A tool for semi-autonomous scientific research and discovery.
Catalyst provides three main workflows:
- Autonomously develop a theory to explain a given phenomenon
- Take a user-provided theory draft, fill in any gaps, and auto-correct mistakes and oversights
- A menu of pre-defined operations to choose from: Review a theory for correctness, propose corrections and refinements, perform experimental validations, etc.
Catalyst helps develop explanations for observable phenomena.

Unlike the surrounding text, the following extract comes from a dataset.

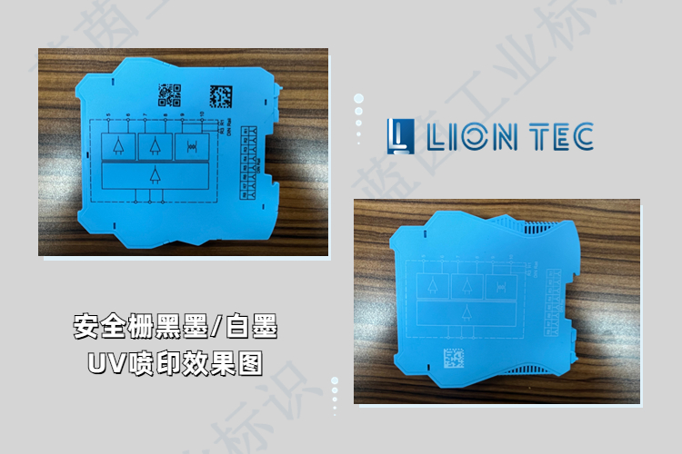 客戶在藍茵通過UV噴碼機打樣的安全柵產(chǎn)品的效果圖。噴印內(nèi)容包括線路圖標識、二維碼,一面打黑墨,一面打白墨。

Suitable problems for the autonomous theory development workflow are of the shape:
- "When we do Y, we observe X. What is the mechanism that causes X?"
- "We sometimes see X while doing Y. Under what conditions does X happen, and why?"
- "Explain what happens when we do X."
In short, it aims to answer "Why" questions that lead to testable predictions.
The current implementation of Catalyst is designed to work for problems that can be understood through computational experiments and mathematical derivation. Our testing so far has been limited to problems in the field of machine learning / deep learning theory.
You will have a higher chance of success if:
- The phenomenon is described precisely and with little room for interpretation
- You're able to provide simplifying assumptions or limit the scope of the investigation upfront. E.g. "Only consider linear networks with the following loss function: ..."
- The phenomenon can be reproduced and probed at through programmatic experimentation, i.e. reproduced by a piece of Python code that you can run on your computer.
- You can describe the shape of the explanation that you are looking for. E.g. "I'm looking for an analytical explanation that makes exact predictions about property Y.", or "I'm looking for an empirically validated approximation that holds in the value range A-B.
Catalyst is not a good fit for:
- Optimization problems, e.g. "find the optimal hyperparameters for training this ANN", "discover a more optimal matrix multiplication algorithm", or "find a function that maximizes metric X"
- Problems with subjective or under-specified success criteria, e.g. "develop a theoretical framework for overfitting in deep learning"
- Engineering problems, e.g. "build an operating system for microcontrollers", "design an efficient HTML rendering engine"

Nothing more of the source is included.